Hacker News new | ask | show | jobs
by Buneme 2210 days ago
Hello,

Over the past few months I've been working on a neural-network based web scraper for e-commerce websites. The aim is to be able to scrape product data from any product page (so far it extracts the name, price, main image URL and technical specification of the product).

I've developed a working prototype of the API along with a demo page (with rate limits so please use it within reason! ) in order to get some feedback before I carry on with the project.

Because the API is only a prototype, there are some features which are currently missing but will be added later on - for example: • Only English sites that use GBP, EUR or USD are supported • I haven't finished integrating my computer vision algorithms, which means that in some specific situations, the API might not detect a strikethrough and will therefore mix-up the "current price" of the product with the "old price" • The service is running on a hobby heroku server so the API takes a few seconds longer than it otherwise would.

I would appreciate any feedback on the API, in particular: • Is there any other product data that you would like to see (e.g product ID, delivery costs, etc)? • What sort of applications would you use this API for once it's fully developed? • Apart from e-commerce sites, what other types of websites would you like to see an API for (e.g news websites, real estate listings, etc)?

2 comments

We really need a service like this.

We are a furniture e-commerce.

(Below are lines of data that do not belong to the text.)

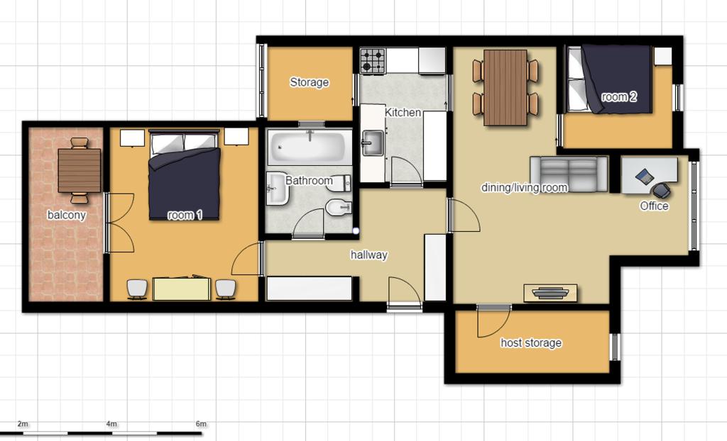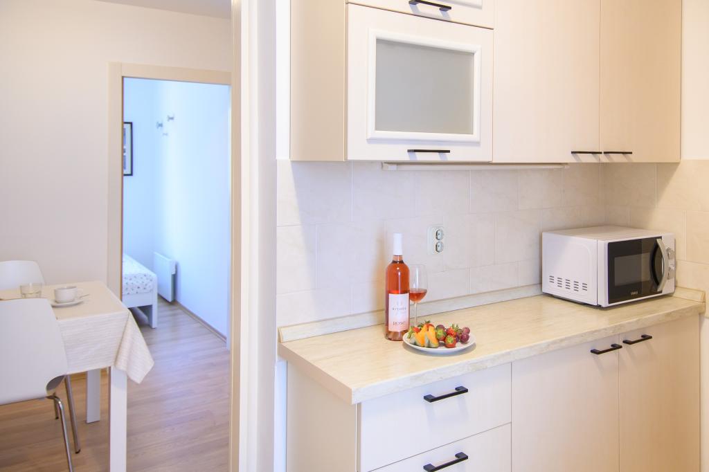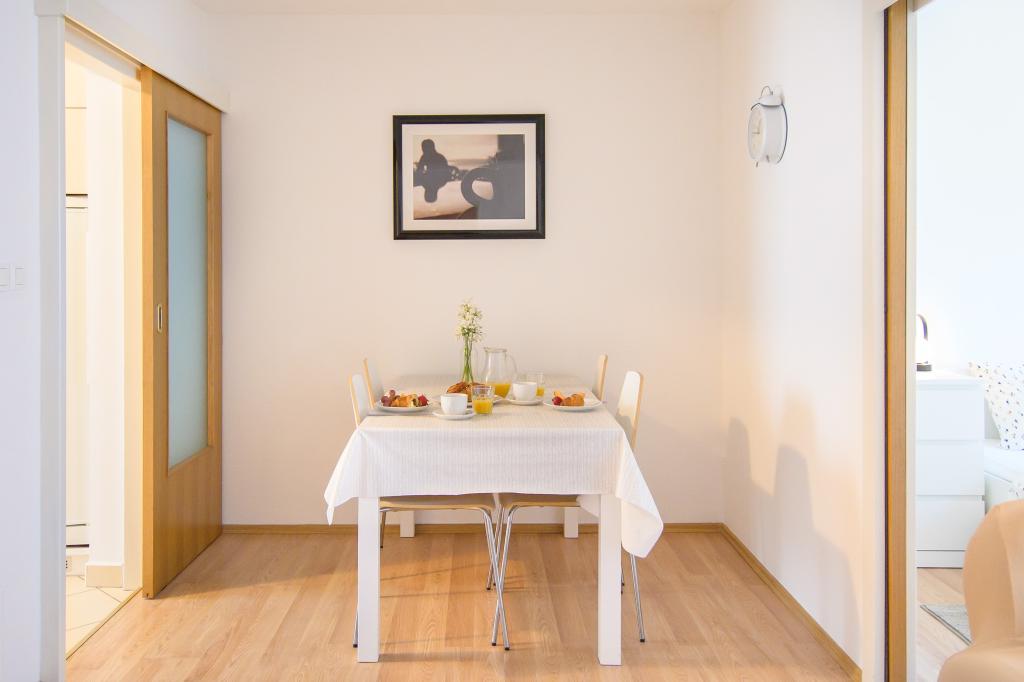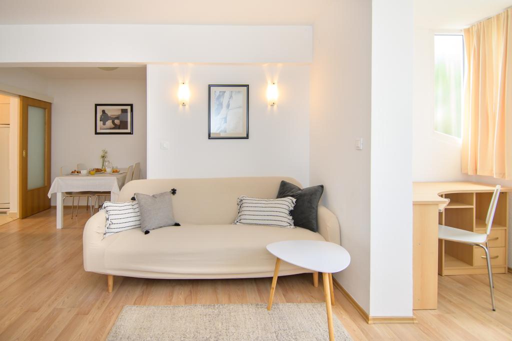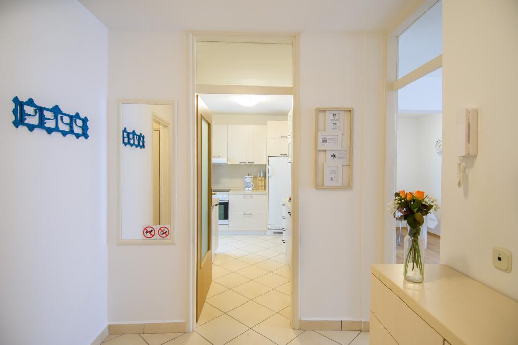 Solar Istra apartment is situated in the residential area of Poreč, just 5 minutes walk from all main attractions and the beach. With 65 square meter can accommodate up to 4 persons in comfortable two double bedrooms. Bright, spacious and well equipped is a perfect choice for a nice holiday in Poreč. This spacious 65 square meter apartment is located on the second floor of a residential building in center of Poreč; just 200 meters from the city center and 150 meters from the blue flag beach. It consists of well equipped kitchen, bathroom with bathtub, dining room, living room with flat TV and Air condition, master bedroom with double bed (160×200 cm), and another room with optional single or double bed (160×200 cm). There is also an office area with free wi-fi, closed balcony and open balcony with lounge area. There’s also heating in the apartment, so it is suitable for rent in colder months. The main advantage is that all the main Poreč’s attractions like the city center.
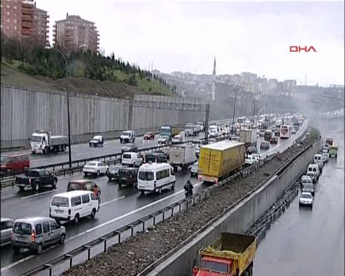 Yangın kontrol altına alınırken TEM oto yolunu kullanan meraklı sürücüler yüzünden TEM oto yolunda trafik durma noktasına geldi. Ümit Türk/DHA
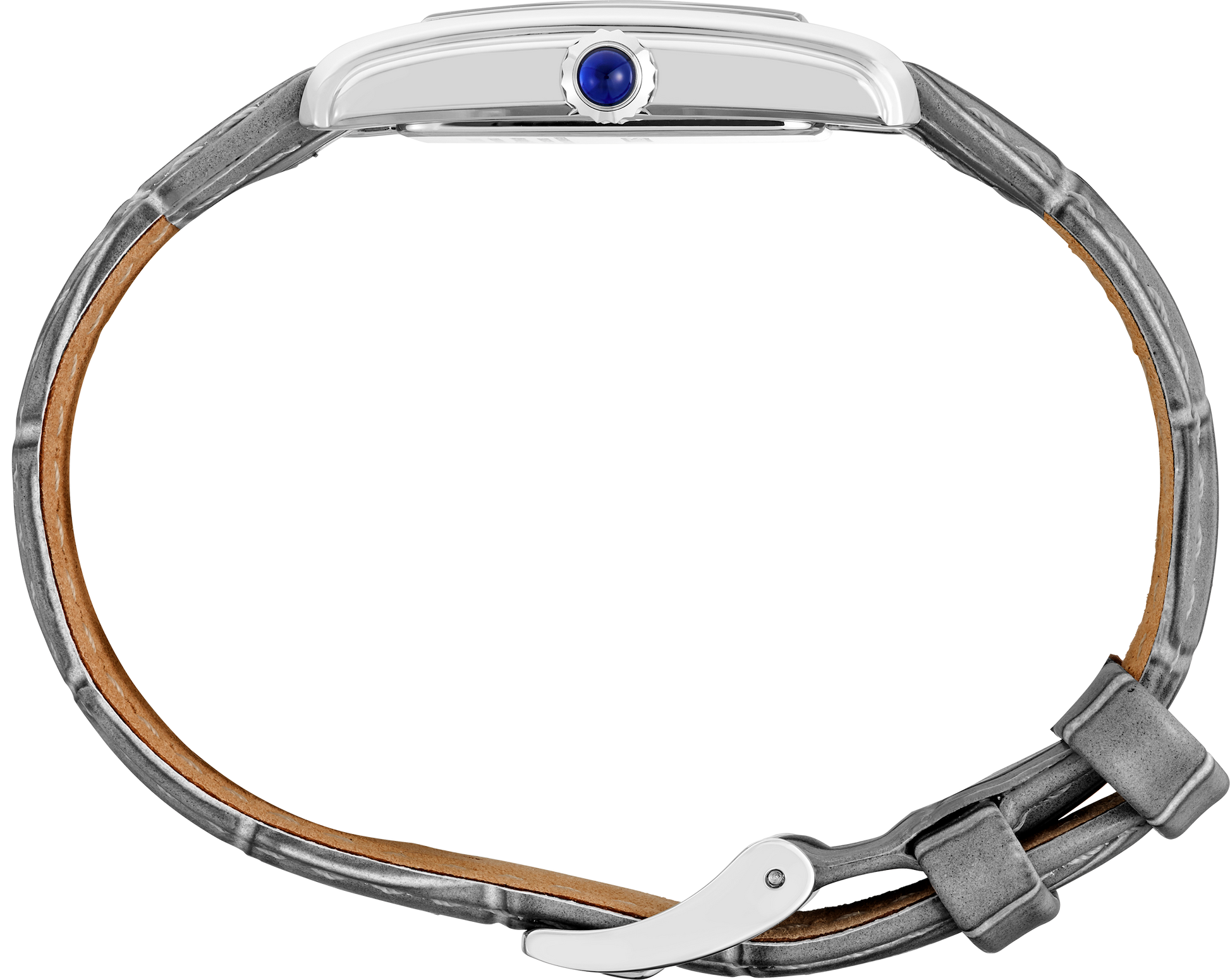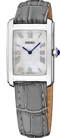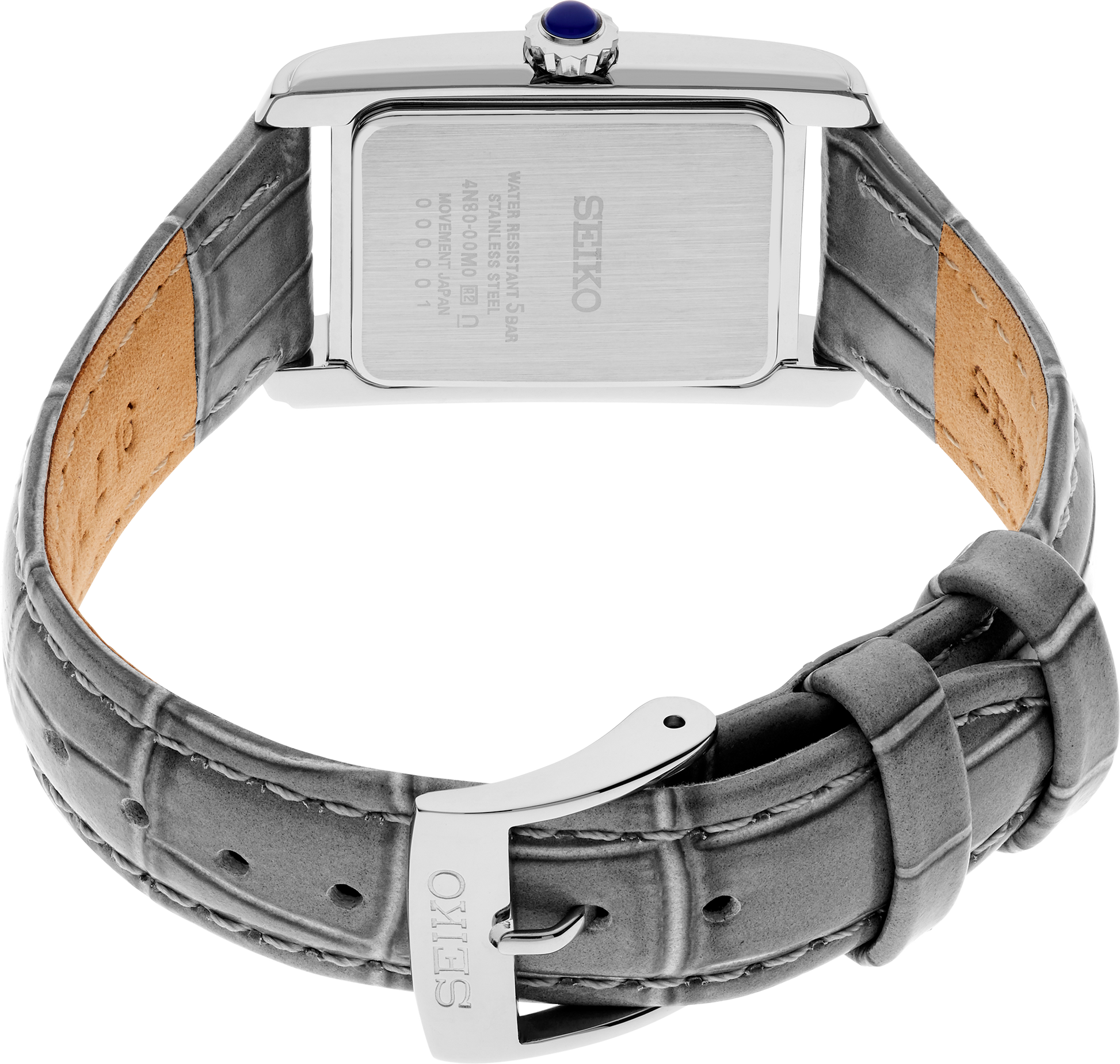 From the Essentials Collection. A contemporary classic, beautifully proportioned for a streamlined feel, this elegant watch offers a white mother-of-pearl Roman numeral dial, blue hands, and a blue cabochon crown. With a sleek rectangular case crafted of stainless steel, the graceful design includes a soft gray leather strap for superb comfort and sophisticated style. 5 bar, 50m Water Resistant
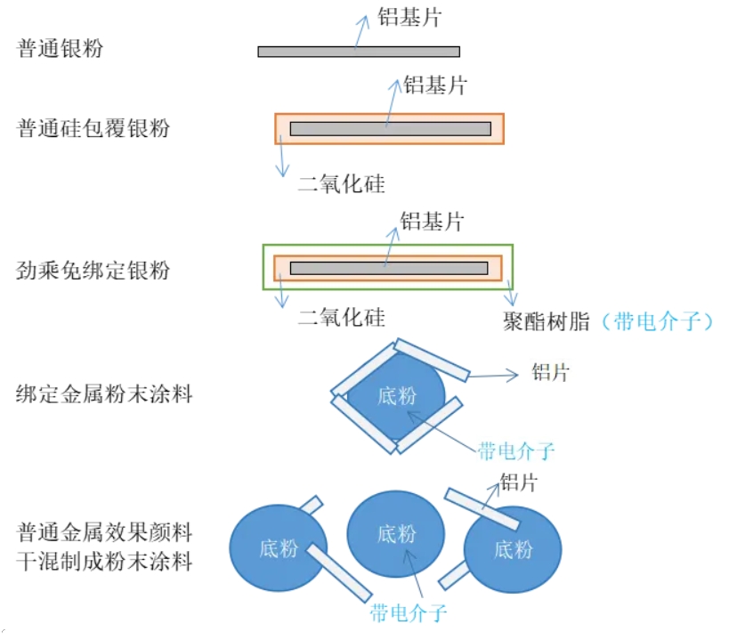 在硅包覆的鋁片基礎(chǔ)上再包覆聚酯樹脂,這與我們粉末涂料的透明底粉類似,這個(gè)聚酯樹脂有非常好的穩(wěn)定的帶電性,聚槍風(fēng)險(xiǎn)低,即使添加量較大也不聚槍,同時(shí)顏色很均勻。可以不用綁定,直接干混使用。因?yàn)榻饘俜郾砻嬗幸粚泳埘渲?,?dāng)金屬粉噴到被施工物件后,高溫熔融成膜的時(shí)候,金屬顏料表面包覆的聚酯樹脂會(huì)參與成膜,將銀粉牢牢的固定在漆膜中,銀粉表面成膜的樹脂也給漆膜帶來超流平和優(yōu)異的高光澤,從而避免了掉銀、手印等現(xiàn)象。銀粉表面樹脂成膜的機(jī)理本質(zhì)上和油漆的罩光是一個(gè)道理。油漆的金屬漆施工后,往往會(huì)再噴一道透明的清漆,這就是罩光過程,從而保護(hù)金屬漆層不被腐蝕破壞等,這個(gè)可以參考汽車漆施工。
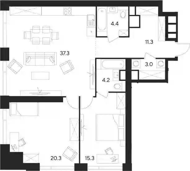 В проекте представлено множество планировочных решений — от студий до просторных 3х-комнатных квартир. Все лоты сдаются с подчистовой отделкой, высотой потолков до 3,5 метров и панорамными окнами.
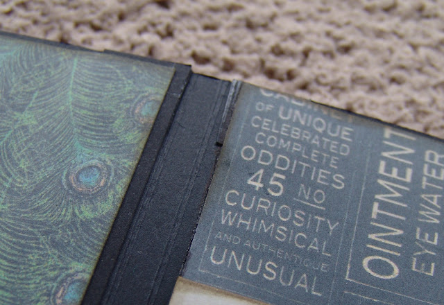 Hi Everyone! Thought I'd give you an update on the Mini I'm working on. It's made with Graphic 45's Olde Curiosity Shoppe papers and I'm using the binding system as explained in my last post. So far it is working well but I did have to change it slightly because I didn't like how it looked. My original idea was to use a couple of small hinges to create the cavity for attaching the pages to the spine of the book, but I didn't like the fact that in some instances the hinge was actually visible. So I decided to attach a strip of cardboard over the hinges before adding the paper.
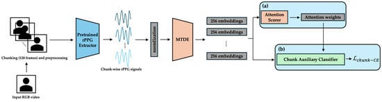 As determined by our selection process (Section 3.1.3), the UBFC-rPPG-pretrained PhysMamba model [,]—chosen for its superior SNR and lower VRAM footprint—serves as the rPPG extraction front-end in our framework. Its primary role is to extract a refined, denoised 1D temporal rPPG (blood- volume pulse, BVP) signal from raw facial video frames.
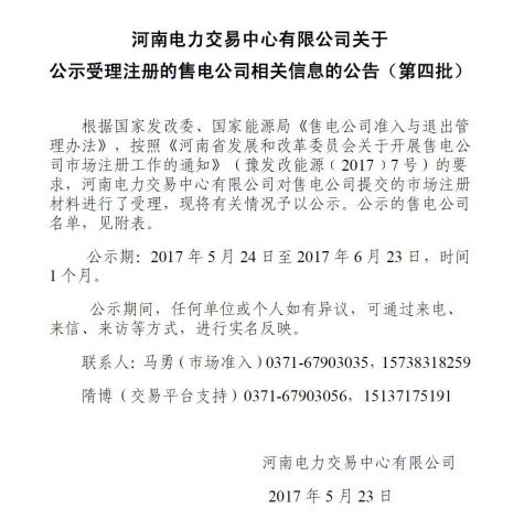 河南電力交易中心有限公司關(guān)于公示受理注冊的售電公司相關(guān)信息的公告(第四批)發(fā)布,一起來看公告全文:

Our vendors don't provided detailed product feeds. We have to rely on scraping.

The most difficult part of scraping the data is that we need to scrape all the product options (Material, Color, Size ...)

each option is a different SKU. see https://www.article.com/product/11833/sven-charme-tan-sofa

We also need to build nlp models to understand product dimensions and weight (useful when estimating shipping fee)

Hey - if this is true my company already has a pretty good solution for getting product info in a standard format from 10s of thousands of websites. My company also has to gather, format, and estimate dimensions and weight because we do only international shipping. Try out a random product url on zipx.com for an example.

Should we talk? My email is in my profile. I think there might be several ways your company and mine can help eachother actually...

Thanks for getting in touch, I've just sent over an email
I've heard of the SKU problem that e-commerce stores have to face with their vendors. Would you mind if I contacted you to learn more about it?
No problem, you can send an email to me@buneme.com :)
That's really useful feedback, especially the part about NLP models, thanks!!
Cool project, but i have no idea for what I can use it, is it like something to build like a price tracker?
Yes, a universal price tracker is a great example! Another potential use cases would be competitor price analysis so that you can react in real time to changes in your competitor's prices.